**Task requirements**.
Write the data out in full and word for word. Do not include images.

**Provided data**.
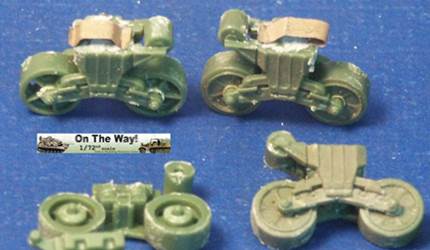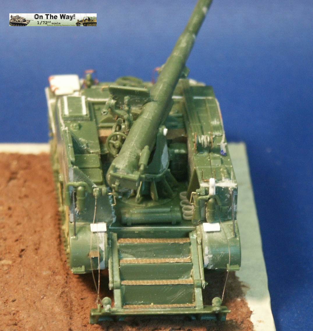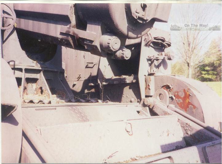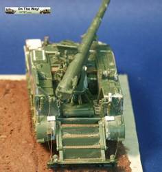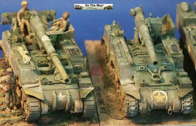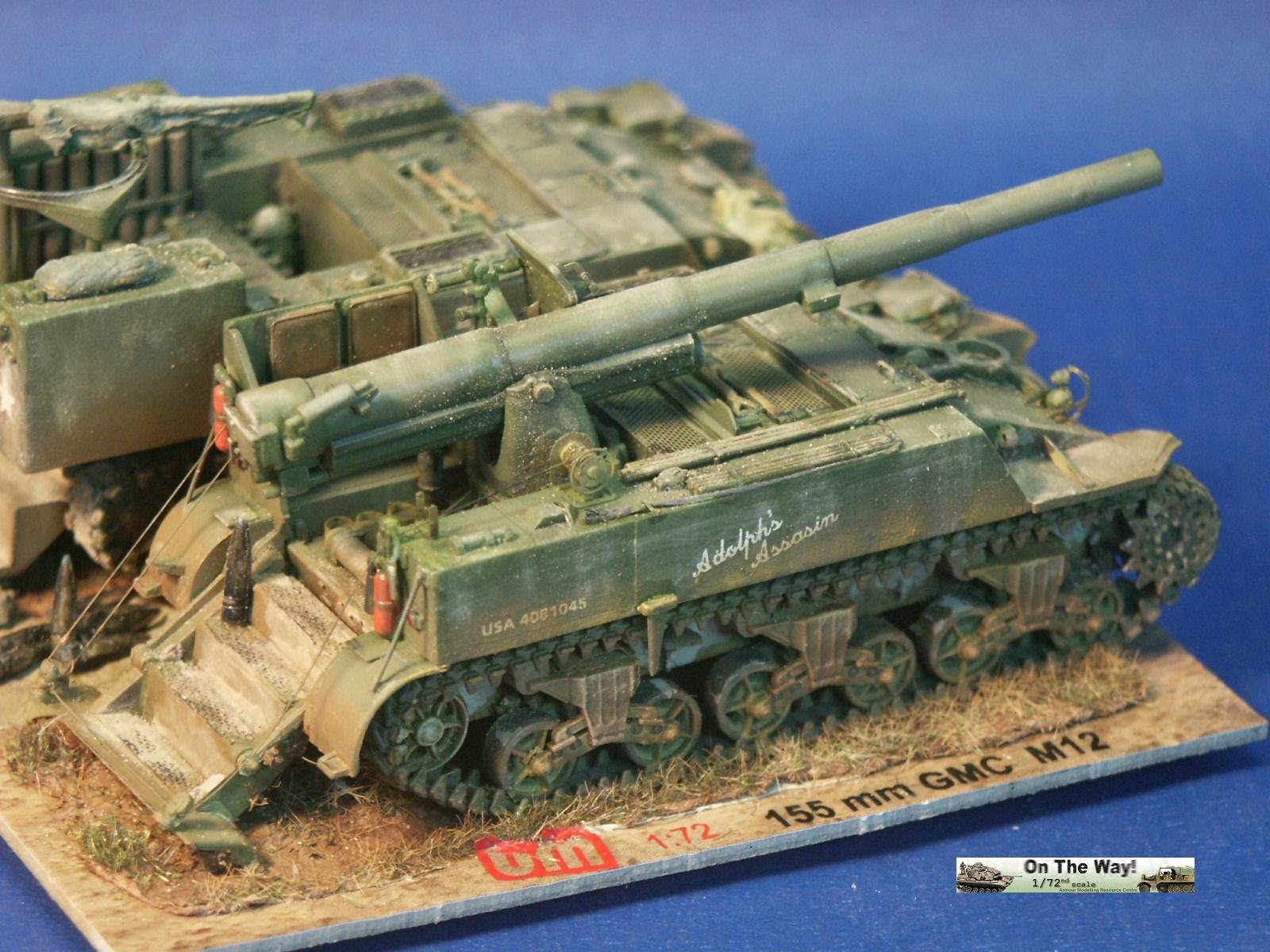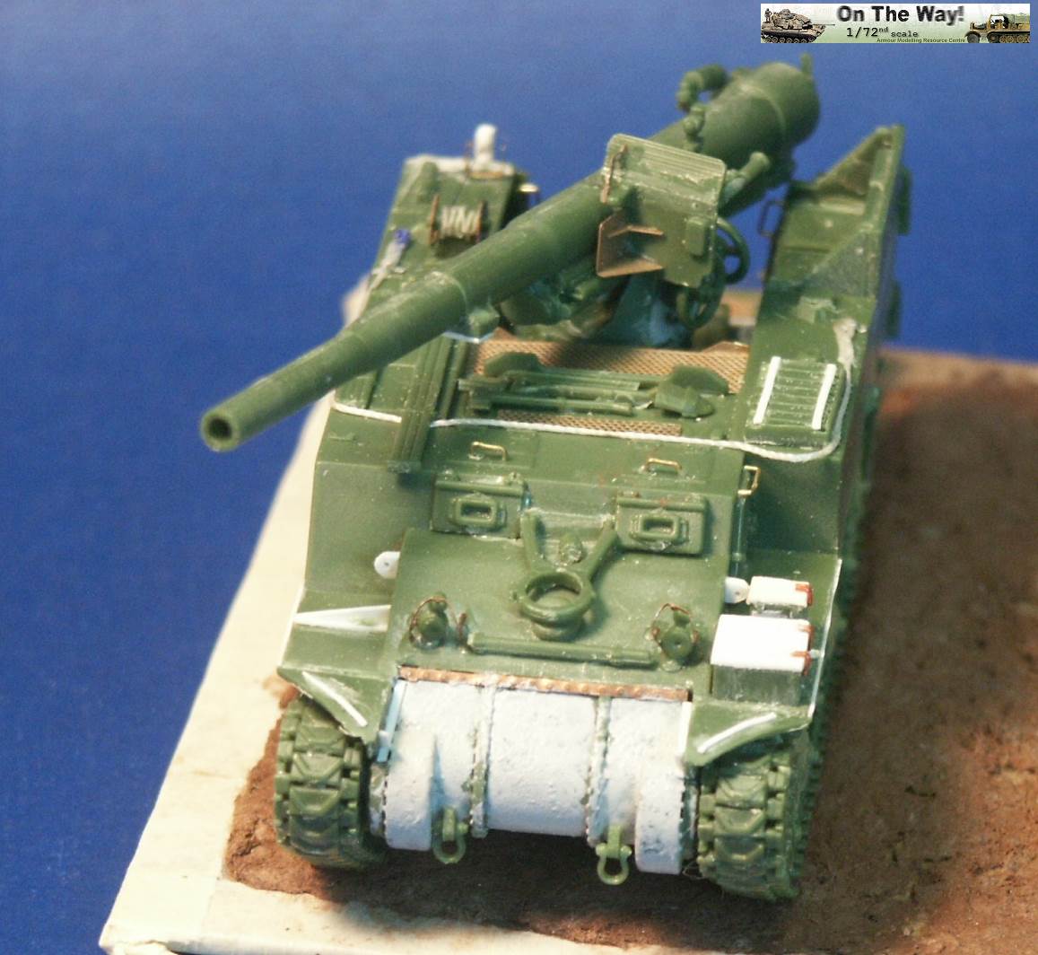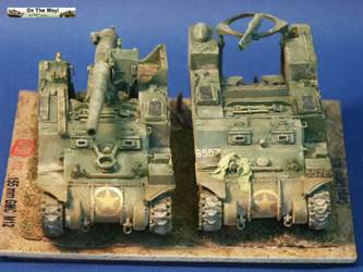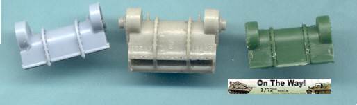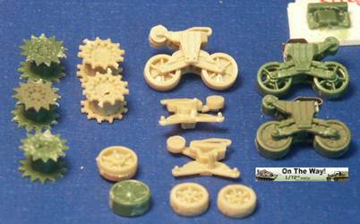 for me I finally heard from another modeler who had the same problem. The UM lower hull for their M12 and M30 assembles in a similar way to their M4 Sherman model kits. Notice that at the very rear of the gun compartment floor (part 10C) I had to fit in a fillet of white plastic to fill in a gap. The UM M12 kit 211 upper superstructure has fewer parts for the main superstructure than the ESCI M12 model but has considerably more parts for the interior and for the tools and gun. Notice the gray model putty to blend in the seam for the parts 33C and 12H. Notice that the gun has a white scratchbuilt replacement brace for a gun pedestal part (part 29H) that I lost. In the forward area of the gun compartment we can see one of the square air cleaners for the engine. The UM M30 kit comes with round, cylindrical air cleaners; I think it was a nice attention to detail to not just give the two kits the same air cleaners. The M30 and M12 were based on essentially the same hull, but in historical photos I have seen many little variations in the wheels and fittings. The gun shield (parts 24C) for UM's M1917 gun appears much more accurate than the ESCI part 16 and is enhanced by nice etched brass parts. The grouser box (parts 3H) has been given two strips of styrene to simulate the braces to hold the grousers in. The UM M12 model features a well rendered gun sight that is not supplied in the ESCI M12 model. The details on the UM 155-mm gun compare well to my reference photos, so I used it to help correct the details of the ESCI gun. An easier way to get a better gun for a great display model is to use the M1917 155-mm gun from one of the RPM GPF gun kits (see this review). The rear spade for the M12 is assembled except for the etched brass tread plates. Notice the scratchbuilt brace on the forward mudguard (fenders). Both mudguards on each M12 and M30 will need these braces. With the upper hull largely molded as one piece, the UM kit is missing the line of rivets along the upper edge that is present on the ESCI M12 model. Looking where the upper hull meets the final drive assembly I am unhappy about the fit; despite sanding and some trimming the upper hull sits too high, or the final drive assembly sits too low. A comparison of the UM wheels with the ESCI wheels shows the greater number of parts used in the UM suspension and the overall better rendered detail of the UM parts. To be fully frank, the UM suspension, though better than the ESCI parts, are still not as well done as the Dragon and Heller Sherman VVSS bogies and wheels. These are the same suspension parts as included in the UM and the ESCI M4 Sherman Medium Tank kits. Above and below are photos of the VVSS bogie assemblies used for my M12 and M30 models. To add some variation the two vehicles were given different wheels. Closure views of the UM bogies in various stages of assembly and different roadwheels, and variations in the track skid. The underside of the hull is the same as in UM's M4 Sherman model kits. Without having seen the underside of an M13 GMC, I surmise that this underside is incorrect as I suspect the engine plates should be in the hull center since this is a mid-engine vehicle. Compared to the 1/72 scale UM M30 kit built in conjunction with this M12 model, with the M12 I opted for an early variant with the open spoke roadwheels and idler wheels and early style track skids. The front mudguards have been given a scratchbuilt brace on both sides, the storage boxes have been given new lids, and the grouser box has been given two braces on top. The light gray model putty filler is obvious where part seams needing filling. At this point we have skipped ahead: what is new is the strip of plastic at the front, simulating the strip of sheet metal for hanging the side sand skirts, like those seen on the Sherman tank. The strips had a horizontal line of bolt holes. In historical photos I have never seen the side skirts actually fitted to an M12 or M30. A Heller kit open spoke idler wheel (the pale gray wheel at the rear) has been substituted for the UM idler wheel (part 3A). On top of the superstructure is a tow cable made from string and mounted to the deck. Neither the UM M12 nor M30 include the towing cable. The
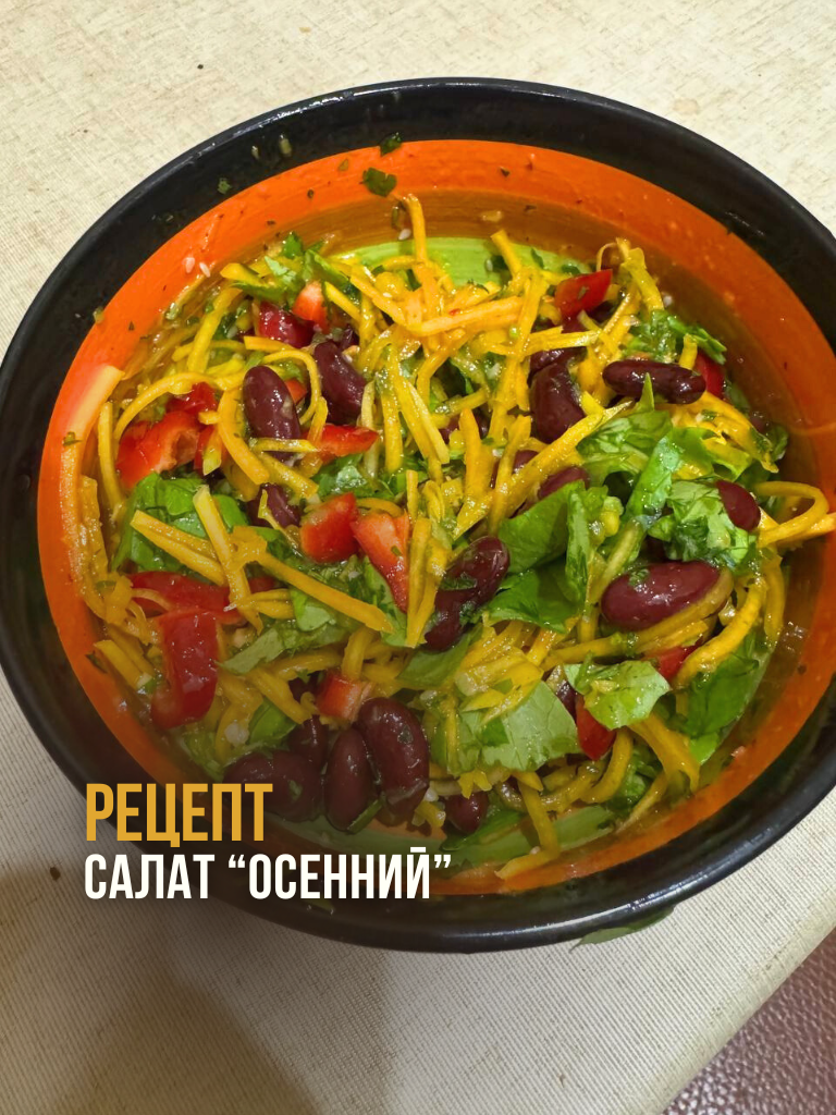 Недавно делала себе такой салат. Рецепт родился спонтанно, а получилось очень вкусно и сытно, поэтому делюсь с тобой. Рецепт: Все смешать, соль не нужна, если берем тыкву по корейски, если берем свежую, то можно посолить по вкусу и добавить черный перец. Салат получается и сочным и сытным одновременно. Очень доступный осенний вариант. И глаз радует, и витаминов достаточно! Вообще, можно менять ингредиенты по своему вкусу, главное, чтобы все сочеталось. Я не рекомендую смешивать больше 3 овощей в одном блюде. Чем меньше мешанины, тем лучше. Зелень не считается) Она везде к месту. А у тебя есть свои интересные рецепты? Делись в комментариях.
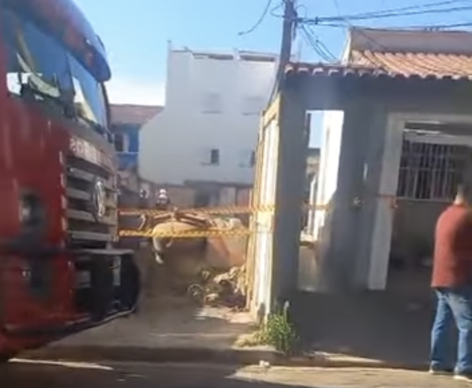 Um muro desabou nesta quinta (20) em uma construção no bairro Camilópolis, em Santo André.

**Task output**.
 for me I finally heard from another modeler who had the same problem. The UM lower hull for their M12 and M30 assembles in a similar way to their M4 Sherman model kits. Notice that at the very rear of the gun compartment floor (part 10C) I had to fit in a fillet of white plastic to fill in a gap. The UM M12 kit 211 upper superstructure has fewer parts for the main superstructure than the ESCI M12 model but has considerably more parts for the interior and for the tools and gun. Notice the gray model putty to blend in the seam for the parts 33C and 12H. Notice that the gun has a white scratchbuilt replacement brace for a gun pedestal part (part 29H) that I lost. In the forward area of the gun compartment we can see one of the square air cleaners for the engine. The UM M30 kit comes with round, cylindrical air cleaners; I think it was a nice attention to detail to not just give the two kits the same air cleaners. The M30 and M12 were based on essentially the same hull, but in historical photos I have seen many little variations in the wheels and fittings. The gun shield (parts 24C) for UM's M1917 gun appears much more accurate than the ESCI part 16 and is enhanced by nice etched brass parts. The grouser box (parts 3H) has been given two strips of styrene to simulate the braces to hold the grousers in. The UM M12 model features a well rendered gun sight that is not supplied in the ESCI M12 model. The details on the UM 155-mm gun compare well to my reference photos, so I used it to help correct the details of the ESCI gun. An easier way to get a better gun for a great display model is to use the M1917 155-mm gun from one of the RPM GPF gun kits (see this review). The rear spade for the M12 is assembled except for the etched brass tread plates. Notice the scratchbuilt brace on the forward mudguard (fenders). Both mudguards on each M12 and M30 will need these braces. With the upper hull largely molded as one piece, the UM kit is missing the line of rivets along the upper edge that is present on the ESCI M12 model. Looking where the upper hull meets the final drive assembly I am unhappy about the fit; despite sanding and some trimming the upper hull sits too high, or the final drive assembly sits too low. A comparison of the UM wheels with the ESCI wheels shows the greater number of parts used in the UM suspension and the overall better rendered detail of the UM parts. To be fully frank, the UM suspension, though better than the ESCI parts, are still not as well done as the Dragon and Heller Sherman VVSS bogies and wheels. These are the same suspension parts as included in the UM and the ESCI M4 Sherman Medium Tank kits. Above and below are photos of the VVSS bogie assemblies used for my M12 and M30 models. To add some variation the two vehicles were given different wheels. Closure views of the UM bogies in various stages of assembly and different roadwheels, and variations in the track skid. The underside of the hull is the same as in UM's M4 Sherman model kits. Without having seen the underside of an M13 GMC, I surmise that this underside is incorrect as I suspect the engine plates should be in the hull center since this is a mid-engine vehicle. Compared to the 1/72 scale UM M30 kit built in conjunction with this M12 model, with the M12 I opted for an early variant with the open spoke roadwheels and idler wheels and early style track skids. The front mudguards have been given a scratchbuilt brace on both sides, the storage boxes have been given new lids, and the grouser box has been given two braces on top. The light gray model putty filler is obvious where part seams needing filling. At this point we have skipped ahead: what is new is the strip of plastic at the front, simulating the strip of sheet metal for hanging the side sand skirts, like those seen on the Sherman tank. The strips had a horizontal line of bolt holes. In historical photos I have never seen the side skirts actually fitted to an M12 or M30. A Heller kit open spoke idler wheel (the pale gray wheel at the rear) has been substituted for the UM idler wheel (part 3A). On top of the superstructure is a tow cable made from string and mounted to the deck. Neither the UM M12 nor M30 include the towing cable. The
 Недавно делала себе такой салат. Рецепт родился спонтанно, а получилось очень вкусно и сытно, поэтому делюсь с тобой. Рецепт: Все смешать, соль не нужна, если берем тыкву по корейски, если берем свежую, то можно посолить по вкусу и добавить черный перец. Салат получается и сочным и сытным одновременно. Очень доступный осенний вариант. И глаз радует, и витаминов достаточно! Вообще, можно менять ингредиенты по своему вкусу, главное, чтобы все сочеталось. Я не рекомендую смешивать больше 3 овощей в одном блюде. Чем меньше мешанины, тем лучше. Зелень не считается) Она везде к месту. А у тебя есть свои интересные рецепты? Делись в комментариях.
 Um muro desabou nesta quinta (20) em uma construção no bairro Camilópolis, em Santo André.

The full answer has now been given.